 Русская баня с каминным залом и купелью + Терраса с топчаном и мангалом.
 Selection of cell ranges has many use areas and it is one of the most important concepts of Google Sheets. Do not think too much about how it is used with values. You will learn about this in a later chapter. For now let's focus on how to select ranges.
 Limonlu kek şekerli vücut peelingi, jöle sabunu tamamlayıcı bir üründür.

====================

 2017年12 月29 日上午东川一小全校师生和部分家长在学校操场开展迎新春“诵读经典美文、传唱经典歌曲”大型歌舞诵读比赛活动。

====================

Where the listing above reaches the line that contains "Selection of cell", start retyping, and finish with the line that contains "Limonlu kek şekerli"; reproduce those lines exactly and no others.

• [Exercise output]
 Selection of cell ranges has many use areas and it is one of the most important concepts of Google Sheets. Do not think too much about how it is used with values. You will learn about this in a later chapter. For now let's focus on how to select ranges.
 Limonlu kek şekerli vücut peelingi, jöle sabunu tamamlayıcı bir üründür.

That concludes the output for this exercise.